Turn off the nitrous oxide and give 100% oxygen (70% nitrous oxide will rapidly increase the size of a pneumothorax by 100% in 10 minutes).
Check the blood pressure and pulse rate.
If the blood pressure is low and there is no other cause for a low blood pressure, treat the patient as if they have a tension pneumothorax. A tension pneumothorax can rapidly cause death and must be treated as an emergency.
Inform the surgeon and call for help.
Treat the low blood pressure with intravenous fluids and vasopressor drugs.
Insert a large intravenous catheter into the pleural space to aspirate the pneumothorax. The intravenous catheter should be placed in the second intercostals pace above the rib in line with the middle of the clavicle, to avoid damaging the intercostal nerves and blood vessels. A chest tube must be inserted following insertion of an intravenous catheter.
Bronchospasm
Bronchospasm will cause wheezing (greater on expiration) and increased airway pressures. There are several causes of intra-operative bronchospasm including:
- Mechanical irritation of the airway (secretions, intubation,oropharyngeal airway, suctioning).
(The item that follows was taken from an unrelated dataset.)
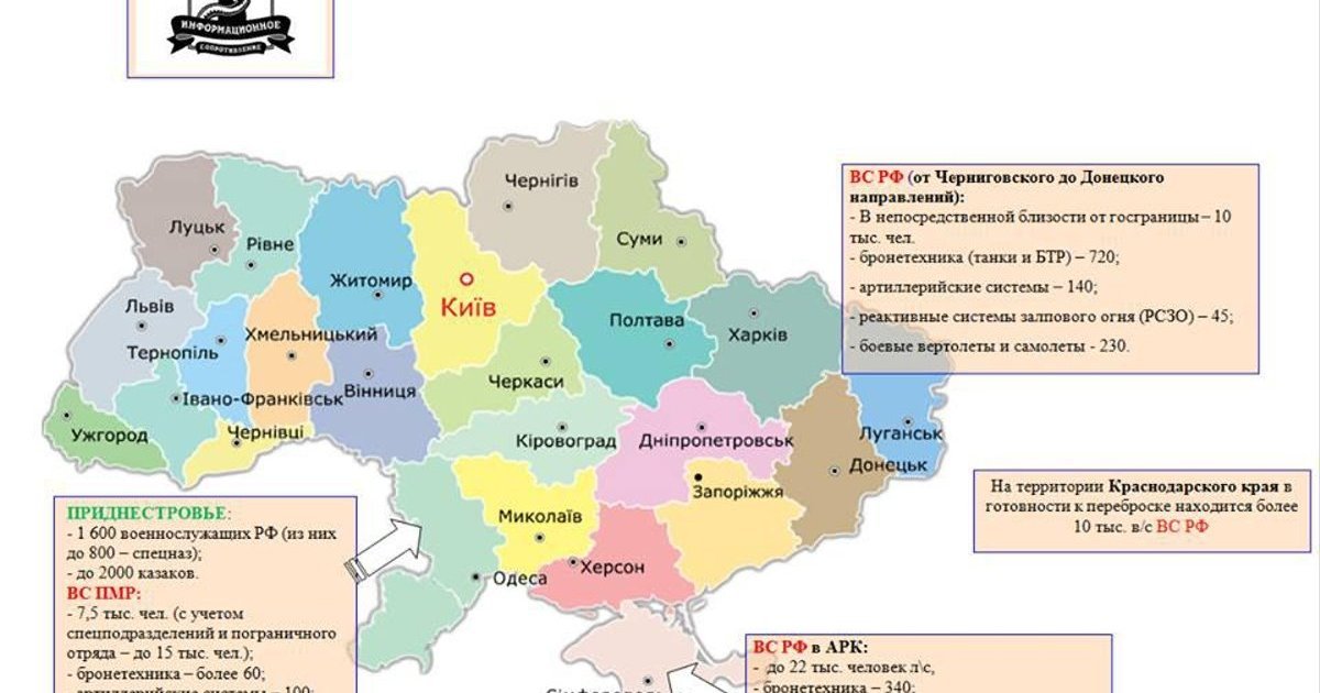 На данный момент, по данным Тымчука, близ границы с северо-востока до юго-востока Украины (на всех приграничных территориях) сосредоточено следующее количество вооружения и военной техники (в скобках указано их количество на 24 марта):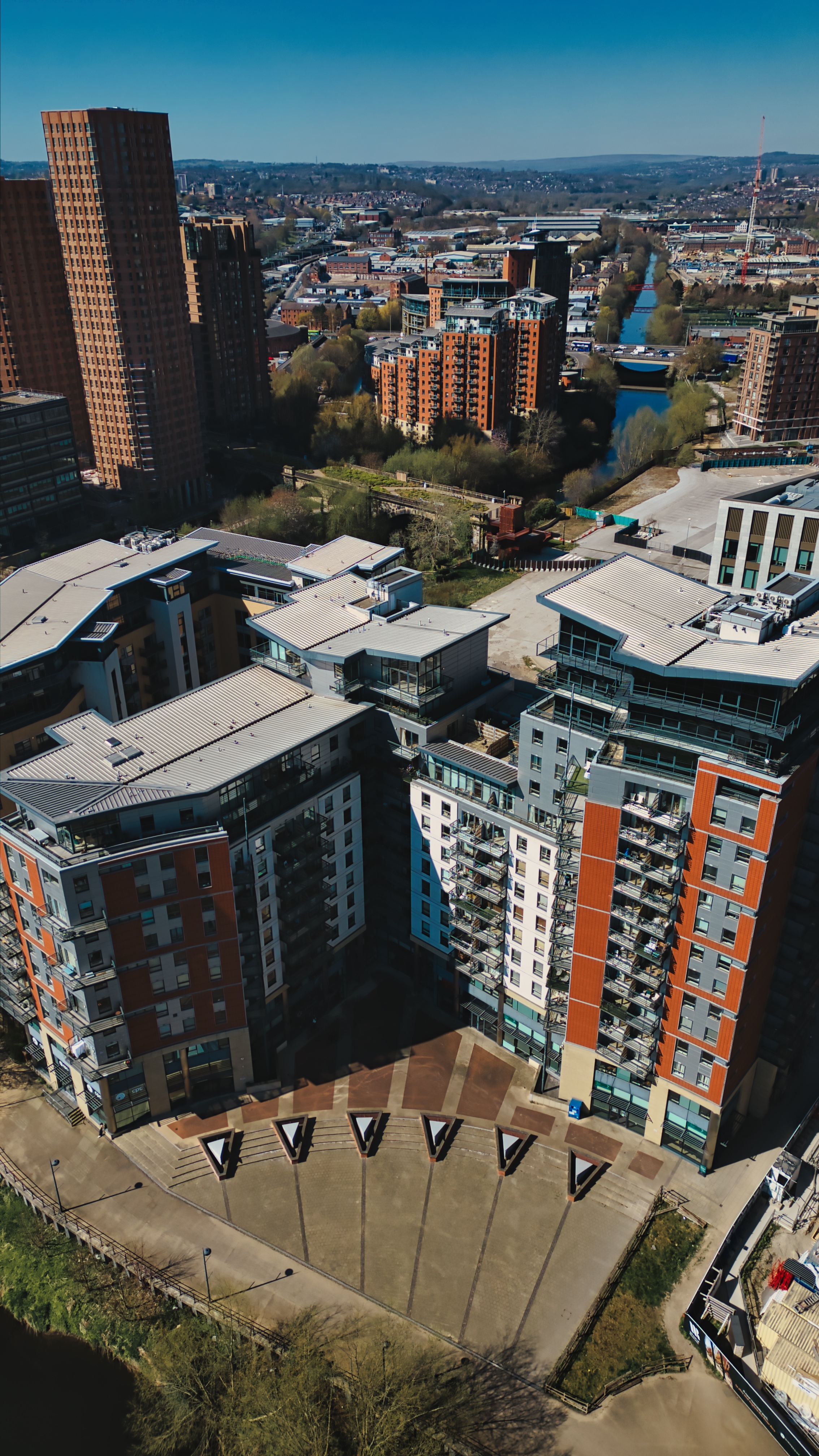 Aerial view of modern apartment buildings and urban landscape under a clear blue sky on a sunny day, featuring a canal and cityscape in Leeds, UK.

- Chemical irritation of the airway (some inhalational anesthetics,smoke).
- Drugs (histamine release from drugs like morphine or atracurium, beta adrenergic blocking agents).
- Aspiration of gastric contents.
Anaesthesia should be delayed for elective surgery if the patient has an upper respiratory tract infection or an acute episode of asthma.
Management
Ensure the patient is oxygenated and ventilating.
Check the blood pressure and pulse rate.
Increase the oxygen concentration if the patient is hypoxic.
Check for other causes of increased airway pressure such as endobronchial intubation, blocked endotracheal tube, pulmonary oedema, aspiration of gastric contents, pneumothorax or anaphylaxis.
Remove any airway irritant.
Increase the depth of anaesthesia. Halothane and other inhalation agents are good bronchodilators.
Give beta-adrenergic agents, anticholinergics and steroids.
Salbutamol
Salbutamol (Ventolin) may be given by inhalation or injection (intramuscular,subcutaneous or intravenously). Side-effects include tachycardia, tremor, nausea,headache and lactic acidosis.
Inhalation: continuous nebulization (5 mg/2.5 ml) or 8 puffs (100 micrograms/puff).
Intravenous bolus (500 micrograms/ml): 200 to 300 micrograms over 10 minutes.Repeat after 15 minutes if needed.
Intravenous infusion add 5 mg (5 ml of 5 mg/ml) to 45 ml of normal saline (equals 100 micrograms/ml). Start at 5 micrograms/min (3 ml/h) and increase by 1 microgram/min up to a maximum of 10 microgram/min.
Ipratropium
Ipratropium 1 ml nebulized every 2 to 4 hours.
Dexamethasone
Dexamethasone 4 mg intravenously every 8 hours.